If you’re like most, you probably assumed that the first image is some sort of school. It has all the usual markings of a school after all; long hallways, clocks, art on the walls, those horrible fluorescent lights found nowhere besides office buildings and schools..
Now what about the hallway in the second picture? Many people’s first impression of this photo leads them to think hospital, psych ward, abandoned building…but would you believe that that paintless hallway is a school as well?

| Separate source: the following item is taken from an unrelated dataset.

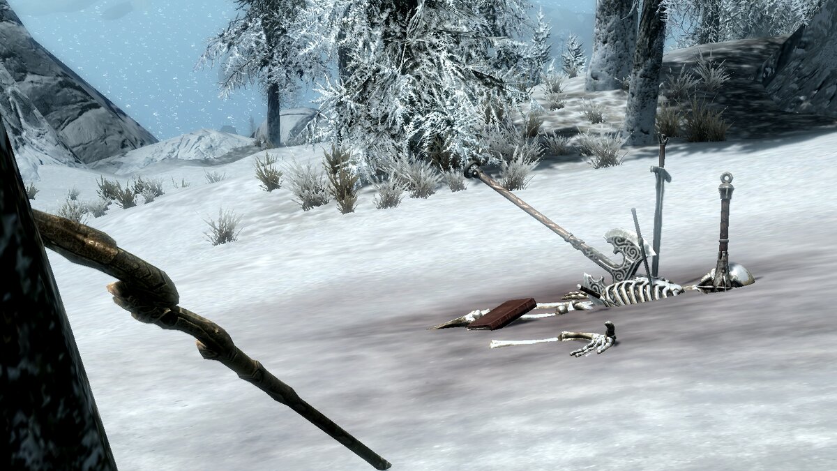 Есть в Скайриме одна секретная локация, где можно обзавестись мощным оружием, даже на первом уровне. Причём для первых десяти-двадцати уровней это оружие будет самым сильным из всех возможных (не считая предметов из клуба творчества). Конечно я говорю о бедолаге, который обнаружил внутри себя много лишних предметов и отправился к праотцам. Рядом с его скелетом лежит посох огненных шаров. Вот его-то и может прикарманить мимодовакин. Но как этот бедолага оказался в таком положении? Ведь судя по посоху, в снегу остался лежать некий волшебник. Как он умудрился потерять руку, поцеловаться с булавой и принять в себя два кинжала, меч и секиру. Тут только стрелы и кувалды не хватает. Интересный факт, если заявиться на это небольшое плато после получения 50 уровня, то оружие тоже будет подороже. Может быть в игре есть какие-то подсказки? Ну не перебирать же все самые безумные версии.

My initial desire for my practicum was to intern at a mental hospital, but due to safety concerns I was reassigned to Klaipeda Special School #2, which is approximately two minutes from LCC by foot. Every Monday, Wednesday, Thursday, and Friday I make the short trek through the ice and snow towards a building that sits in the shadow of a concrete Catholic church, which I can see through my dorm room window. Though a full functioning school, it is truly not far off from being a hospital.
Unlike the American model of integration, Klaipeda Special School is a public, government-run school designed specifically for students who are in some way categorized as “special”. Within the confines of the hallways holds a broad range of students including the most severe cases of autism, cerebral palsy, schizophrenia etc. as well as less severe (and even otherwise normal children) such as Gypsy kids and those with mild to moderate learning disabilities. Classes start at 8:45 and stretch until 2pm though many children stay in the on-site dormitories which are open from Monday to Friday.
So far, it has been a wonderful, albeit challenging experience but I have learned a lot, even from just being forced to communicate in a language and in a culture I don’t understand.